▸ **Problem to solve**
Given the records below, would you repeat exactly the lines that begin at the one containing "Говорят, что я" and end at the one containing "Mola de girassol, convites", inclusive?
Segment Start: Exercise inputs
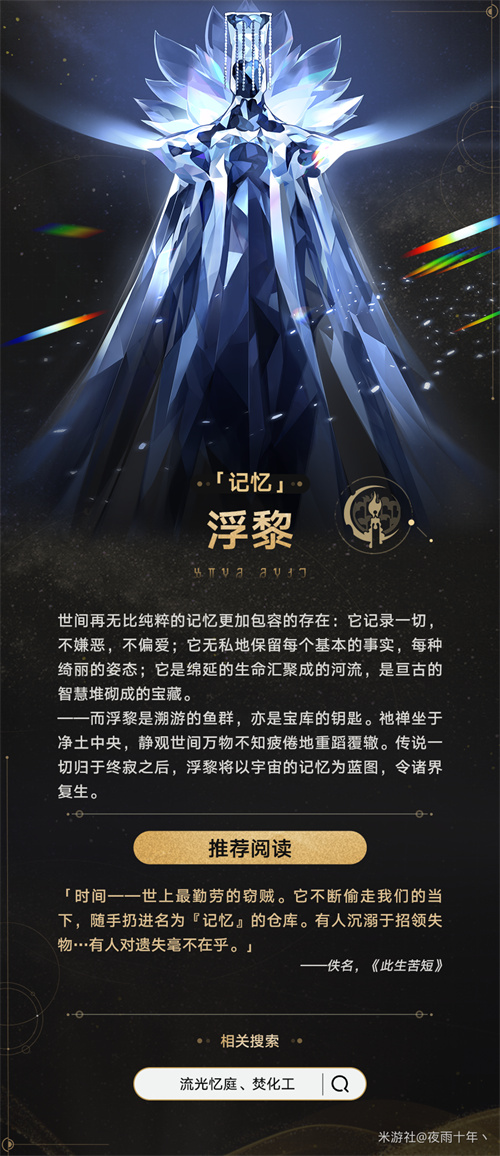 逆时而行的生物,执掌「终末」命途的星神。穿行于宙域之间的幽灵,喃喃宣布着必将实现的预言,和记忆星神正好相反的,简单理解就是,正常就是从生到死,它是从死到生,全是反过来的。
Segment End: Exercise inputs
Segment Start: Exercise inputs
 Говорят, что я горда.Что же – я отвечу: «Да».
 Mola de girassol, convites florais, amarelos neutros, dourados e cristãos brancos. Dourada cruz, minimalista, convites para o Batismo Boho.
Segment End: Exercise inputs
▸ **Solution to the exercise**
 Говорят, что я горда.Что же – я отвечу: «Да».
 Mola de girassol, convites florais, amarelos neutros, dourados e cristãos brancos. Dourada cruz, minimalista, convites para o Batismo Boho.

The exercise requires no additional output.